Hospital Management:- Applied to handle patient flow in OPD, emergency wards, and appointments.
Telecommunication Systems:- Used to manage call traffic and reduce network congestion.
Computer Systems:- Applied in CPU scheduling, process queues, and job management.
Transportation Systems:- Used for traffic control at toll booths, airports, and railway stations.
Customer Service Centers:- Applied to manage incoming calls and reduce waiting time in help desks.
Manufacturing Systems:- Used to handle production lines and schedule machine servicing.
Retail and Supermarkets:- Applied to manage billing counters and checkout queues efficiently.
7. Explain traffic intensity and server utilization.
Solution
Traffic Intensity:
Traffic intensity (ρ) is the measure of load on a queuing system.
It is the ratio of arrival rate to service rate.
It shows how busy the system is.
Formula: ρ = λ / μ (for single server)
If ρ < 1, system is stable.
If ρ ≥ 1, system is unstable.
Higher ρ means longer queues and delays.
Example: λ = 3, μ = 5 → ρ = 0.6 (stable system)

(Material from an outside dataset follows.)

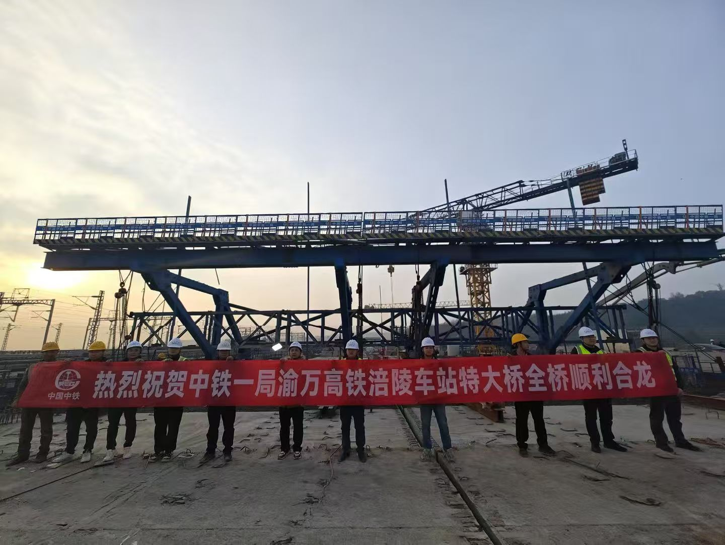 1月26日,随着九游会J9官方网站旗下中铁一局承建的渝万高铁涪陵车站四线特大桥连续梁合龙,渝万高铁桥梁集群工程——渝万高铁涪陵车站特大桥全部合龙。

Conclusion: Traffic intensity determines system load and stability.
Server Utilization:
Server utilization is the fraction of time a server is busy.
It indicates efficiency of server usage.
In single-server systems, it is equal to traffic intensity (ρ).
Value ranges from 0 to 1.
High utilization → server is mostly busy.

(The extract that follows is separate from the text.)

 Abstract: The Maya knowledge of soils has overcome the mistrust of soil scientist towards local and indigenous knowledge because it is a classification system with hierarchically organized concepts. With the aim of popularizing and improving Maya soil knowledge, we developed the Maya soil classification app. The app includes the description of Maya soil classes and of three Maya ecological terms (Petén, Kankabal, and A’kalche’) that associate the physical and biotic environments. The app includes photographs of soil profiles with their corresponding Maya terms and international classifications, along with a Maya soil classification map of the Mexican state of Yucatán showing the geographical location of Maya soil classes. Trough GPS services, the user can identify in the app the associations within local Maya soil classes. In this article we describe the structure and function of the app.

Low utilization → server is often idle.
Helps in capacity planning.
Example: If server is busy 70% of the time → utilization = 0.7.

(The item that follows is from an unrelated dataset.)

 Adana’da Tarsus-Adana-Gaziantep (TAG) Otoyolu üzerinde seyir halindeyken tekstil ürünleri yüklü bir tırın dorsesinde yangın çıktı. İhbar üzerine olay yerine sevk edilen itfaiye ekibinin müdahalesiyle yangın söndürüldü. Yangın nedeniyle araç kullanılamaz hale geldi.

Conclusion: Server utilization shows how effectively the server is used.
8. Explain the arrival pattern and the service process.
Solution
Arrival Pattern:
Arrival pattern describes how customers arrive in the system.
It defines the timing and distribution of arrivals.
It affects queue formation.
Represented by arrival rate (λ).
Often follows Poisson distribution.
Inter-arrival time may be exponential.
Can be single or batch arrivals.
Example: Customers arriving randomly at a bank.
Service Process:
The service process describes how customers are served.
It defines the service time and service rate.
It affects waiting time and system performance.
Represented by service rate (μ).
Service time may follow an exponential or deterministic distribution.
Can have single or multiple servers.
Service may be uniform or variable.
Example: A cashier serving customers at a certain rate.
Conclusion: Arrival pattern and service process together determine queue behavior and efficiency.